I found a bundle of squash blossoms at the store today (my reaction: "Nelson can eat these!!!" *take picture* My sister:  )
Anyways, I want to buy them for the little guy but he'll probably eat 1-2 and the rest will go bad. So I'm trying to find recipes so I can eat them too 
Anyways, I thought it was cool that I found them! Are they a hit with your torts? 

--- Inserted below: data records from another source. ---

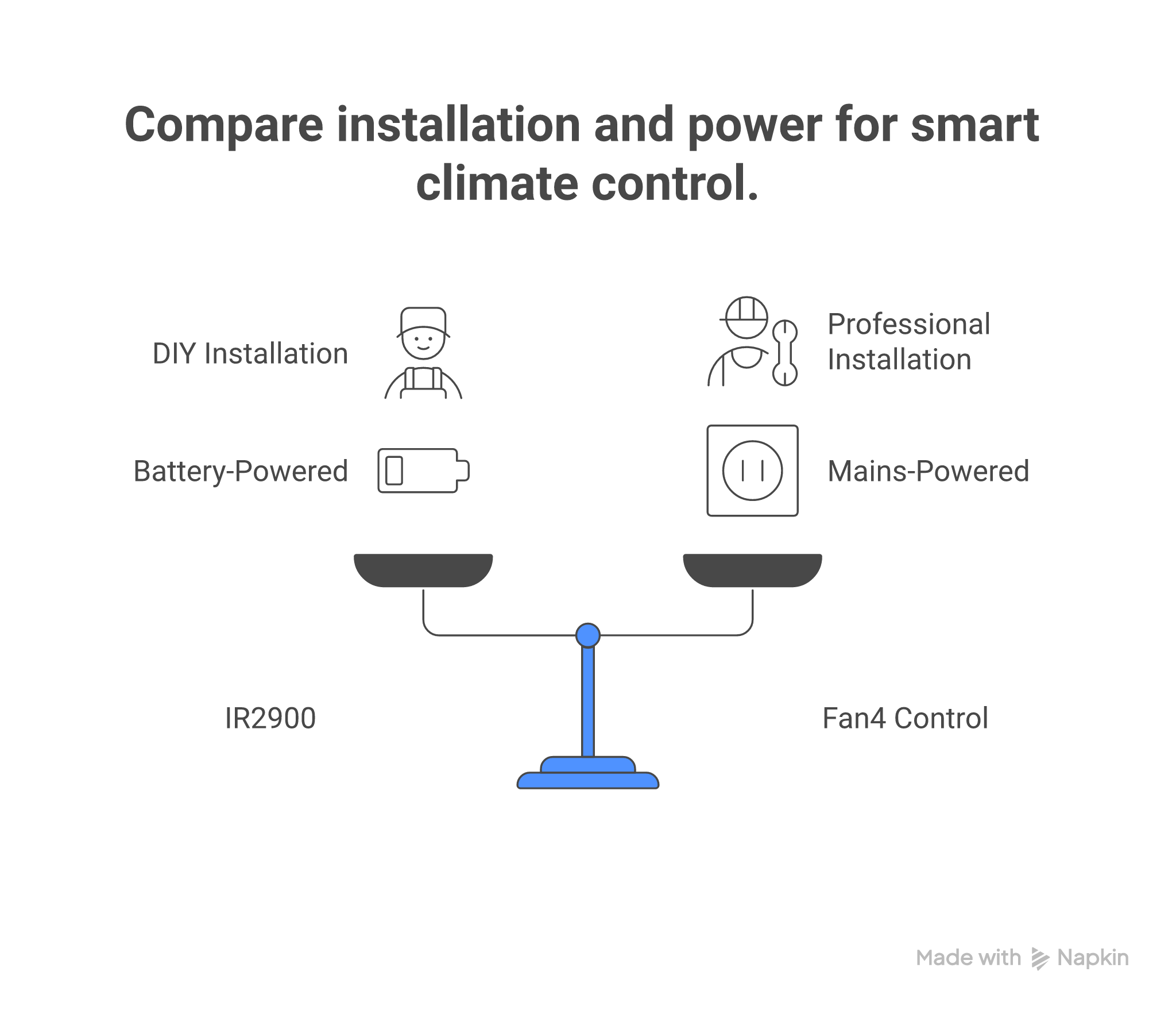 Technical comfort levels significantly influence installation success, with the IR2900 suited to confident DIY users whilst the Fan4 Control requires electrical expertise for safe AC mains connections. Consider your technical abilities and local electrical regulations when evaluating installation approaches for achieving the best ac temperature control in your specific environment.
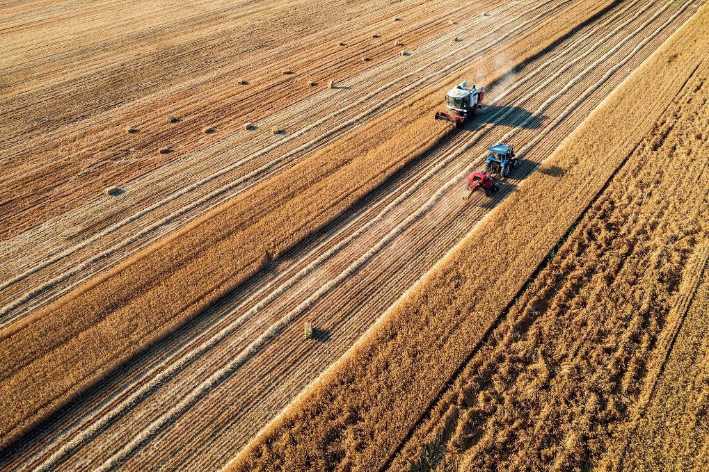 2024年5月27日,農(nóng)機手駕駛農(nóng)機在河南省商丘市梁園區(qū)孫福集鄉(xiāng)崔樓村收獲小麥(無人機照片)。新華社發(fā)(李恒 攝)
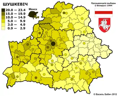 У першому турі Олександр Лукашенко набрав 44,82 %, В'ячеслав Кебич — 17,33 %, Зенон Позняк — 12,82 %, Станіслав Шушкевич — 10 %, Олександр Дубко — 6 %, Василь Новиков — 5 %.
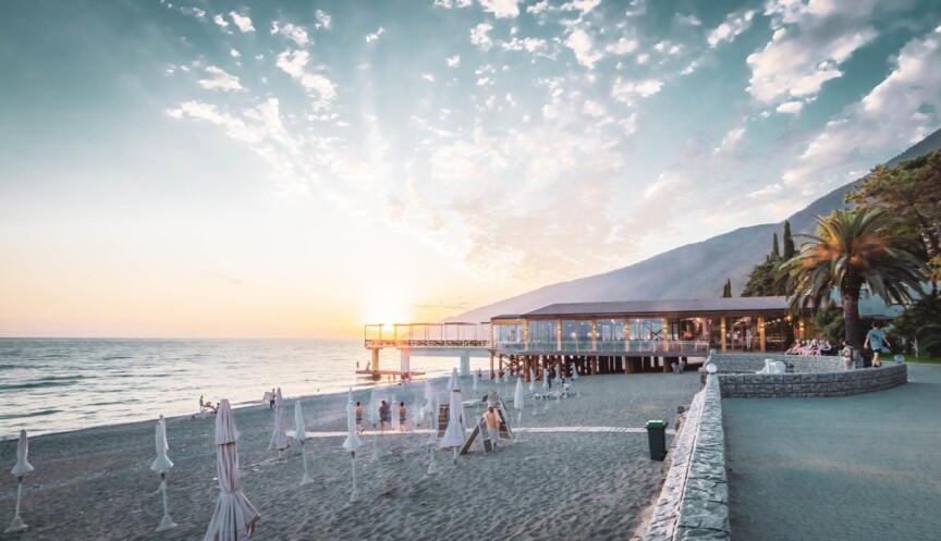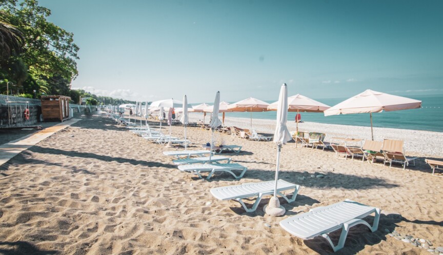 Отель расположен на первой береговой линии — 10 метров до моря.

They were also selling ziploc bags of spineless opuntia...which I snatched up for $1.49  I am so easily excited


----------



## dmmj (Aug 8, 2011)

actually I think he should be able to eat them all before they go bad.


----------



## ChiKat (Aug 8, 2011)

Oo really? How long do you think they will last? Should I put them in water? Just keep them refrigerated? Enlighten me!


----------



## dmmj (Aug 8, 2011)

If we are talking one of those bundles he will most likely eat them in a week or sooner, I would keep them refrigerated or use one of those produce bags.


----------



## ChiKat (Aug 8, 2011)

Great, thanks. I will have to go back and get them. 
I think I underestimate how much he can eat...I still think of him as a little baby  
I should start a thread where people post the size of their tortoise and pictures of how much they feed them.


----------



## pandacakes (Aug 8, 2011)

What kind of market did you find all that epicness at???


----------



## ChiKat (Aug 8, 2011)

It's called an "ethnic food market" and I go there mainly for fresh produce since it's so inexpensive there. They have a lot of imports and you can find pretty much anything there


----------



## Tom (Aug 8, 2011)

Out here in the South West we call those Mexican Grocery stores. We have a lot of them.


----------



## ChiKat (Aug 8, 2011)

It is indeed a Mexican grocery store


----------



## Isa (Aug 9, 2011)

Niceeee, I wish I could find a market that sells these! I am sure Nelson is going to have a feast


----------